The Stoner.Data class is actually a shorthand for importing the Stoner.core.data.Data class which in turn is a superset of many of the classes in the Stoner package. This includes code to automatically detect the format of many of the measurement files that we use in our research.

The native file format for the Stoner package is known as the TDI 1.5 format - a tab delimited text file that stores arbitrary metadata and a single 2D data set. It closely matches the Data class of the Stoner module.

Note

Data will also read a related text format where the first column of the first line contains the string TDI Format=Text 1.0 which are produced by some of the LabVIEW rigs used by the Device Materials Group in Cambridge.

The Various Flavours of the `Data` Class¶

To support a variety of different input file formats, the Stoner package provides a slew of subclasses of the base Data class. Each subclass typically provides its own version of the Data._load() method that understands how to reqad the relevant file.

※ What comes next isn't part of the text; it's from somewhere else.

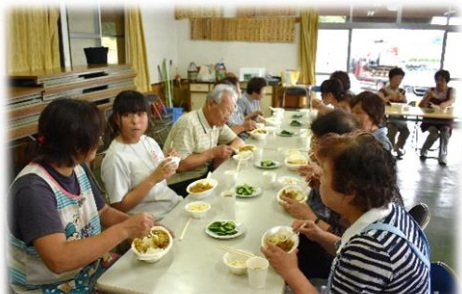
▲塩原地区のサロンの様子

参加者からは「地域でこのような活動が行われているとは知らなかった。もっと周りの人たちに知ってほしい。」「自分の住んでいる地域でおこなわれている活動があったら参加したい」などの感想がありました。

Base Classes and Generic Formats¶

Data
Tagged Data Interchange Format 1.5 – the default format produced by the LabVIEW measurement rigs in the CM Physics group in Leeds

These classes can be used directly to load data from the appropriate format.:

import Stoner
d=Stoner.Data.load("my_data.txt")
v=Stoner.Data.load("my_VSM_data.fld", filetype=Stoner.formats.instruments.VSMFile)
c=Stoner.Data.load('data.csv',1,0,',',', filetype=Stoner.formats.generic.CSVFile)

Note

The Data.load() is a class method, meaning it creates (and returns) a new instance of the Data class. Most of the methods of Data objects will return a copy of the modified instance, allowing a several methods to be chained together into a single operation.

Sometimes you won’t know exactly which subclass of Data is the one to use. Unfortunately, there is no sure fire way of telling, but Data.load() will try to do the best it can and will try all of the subclasses in memory in turn to see if one will load the file without throwing an error. If this succeeds then the actual type of file that worked is stored in the metadata of the loaded file.

Warning

The automatic loading assumes that each load routine does sufficient sanity checking that it will throw and error if it gets bad data. Whilst one might wish this was always true it relies on whoever writes the load method to make sure of this ! If you want to stop the automatic guessing from happening use the auto_load=False keyword in the load() method, or provide an explicit filetype parameter.

You can also specify a filetype parameter to the Data.load() method or directly to the Stoner.Data constructor as illustrated below to load a simple text file of un labelled numbers:

from Stoner import Data
d=Data("numbers.txt",filetype="JustNumbers",column_headers=["z","I","dI"],setas="xye")

If filetype is a string, it can match either the complete name of the subclass to use to load the file, or part of it.

Loading Data from a string or iterable object¶

In some circumstances you may have a string representation of a Data object and want to transform this into a proper Data object. This might be, for example, from transmitting the data over a network connection or receiving it from another program. In these situations the left shift operator << can be used.:

data=Stoner.Data() << string_of_data
data=Stoner.Data() << iterable_object

The second example would allow any object that can be iterated (i.e. has a next() method that returns lines of the data file, to be used as the source of the data. The Data() creates an empty object so that the left shift operator calls the method in Data to read the data in. It also determines the type of the object data. This also provides an alternative syntax for reading a file from disk:

data=Stoner.Data()<<open("File on Disk.txt")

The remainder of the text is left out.